Daniel was disgusted by what he knew of his parents. For that reason, he never used the abbreviation, “Jr.,” at the end of his name. His father deserved no credit for what Daniel would become in life.
No credit at all.
The sun now fell below the tree line and was invisible. All that could be seen was a hazy glow as nightfall approached. Daniel clipped his water bottle back onto his belt and turned to find his backpack, which he had dropped off around a hundred yards to the east. He hadn’t wanted the sounds of moving fabric to notify his prey.
Daniel returned to his camp, a thirty minute walk away, and bedded down for the night. The sound of tree frogs filled the air, and his mind was peaceful — until he remembered in three more days he had to return to work. No doubt, by that time, in such a large metropolis as New York City, there would be more murders to solve — lots more.
He couldn’t bear the thought.
Chapter 3
August 23, 2014, New York City
“Hawk, you ol’ son of a bitch, how in the hell did you do it?”
Daniel Fishinghawk had just sat down across the desk from his detective chief, Kip Kelly. The smell of cheap cigars lingered in the air around him.
“I mean, c’mon, tell me. I’m all ears.”
“Chief Kelly,” Daniel insisted, “it wasn’t that hard. The clues were all there.”
“What in the hell are you talking about? I had two of our best men at the scene, Anderson and Dockendorf — seasoned veterans who had worked all these murders — and they couldn’t come up with a damn thing.”
“Well, chief, I —”
“Don’t ‘well, chief’ me,” Kelly said as he stood at his desk, veins bulging on his forehead. “Now I get it that you found the smudge of blood on the air conditioning on-off switch, but for Christ’s sake, Hawk, from that point on you made one leap of faith after another. If you’d have made one goof on any of your assumptions, you’d have been up a creek without a paddle.”
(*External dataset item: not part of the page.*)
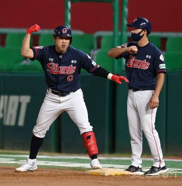 7회초 2사 1,2루 롯데 전준우가 동점타를 친 후 1루에서 기뻐하고 있다.

Kelly sat back down. “But the irony about this whole mixed up case is that you were right — you hit the nail right on the head! What the fuck? We did medical background checks on the victims, and, just like you said, they all had the same endocrinologist. And yes, the killer, Miranda Oberstein — isn’t that a helluva name? — put the moves on them while they were sitting in the doctor’s waiting area. And, I can’t believe I’m saying this, all had trouble getting their dicks up — every fucking one!
“Now,
about our murderer: She used to live in San Francisco, and before she left, there were a number of similar unexplained killings. After we arrested her, she confessed to all the crimes without the slightest bit of remorse. Seems her father was an alcoholic who beat the shit out of her at least once a week while she was growing up. And — get this — she then married an alcoholic who did the same thing. After divorcing him, he was her first victim.
“You can’t help but feel bad for her, but the truth is she is one sick lady — she’ll never go to jail, but she’ll be in the nuthouse for the rest of her life.”
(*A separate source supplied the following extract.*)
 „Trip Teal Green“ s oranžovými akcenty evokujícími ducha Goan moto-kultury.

Kelly shook his finger at him. “Okay, Hawk, time to fess up. Are you psychic? Have you been using the fucking psychic hot line?”
Daniel laughed. “No — let’s just say I have a way of putting two and two together.”
Chief Kelly stared at him, doubt in his eyes. “It’s more than that. You see things that no one else can, and it turns out you’re right — always! You haven’t missed a case since you’ve been here — how long has it been?”
“Three months,” Daniel answered.
“Commissioner Walsh has you on a par with buttered bread. If you weren’t so damn good in the field you’d probably be taking my spot, and I’ve been in this position over twenty years!”
“Chief, you don’t have anything to worry about. As a matter of fact, I’ve been thinking about —”
“Hawk, stuff it for a sec. I didn’t have you come here on a Saturday morning just to tell you how wonderful you are. There’s something that’s come up — an international deal — and I’ve got strict orders to give it to you. Your country needs you.”
“Me?”
“Yep — you. We have to send our best man to handle this one, and as much as I hate to say it, I’m afraid you’re the guy.”
“What’s going on?”
“How’s your geography, Hawk?”
“Not bad, why?”
“Have you ever heard of Easter Island?”
“Of course. Isn’t that the place way out in the middle of nowhere with all the statues?”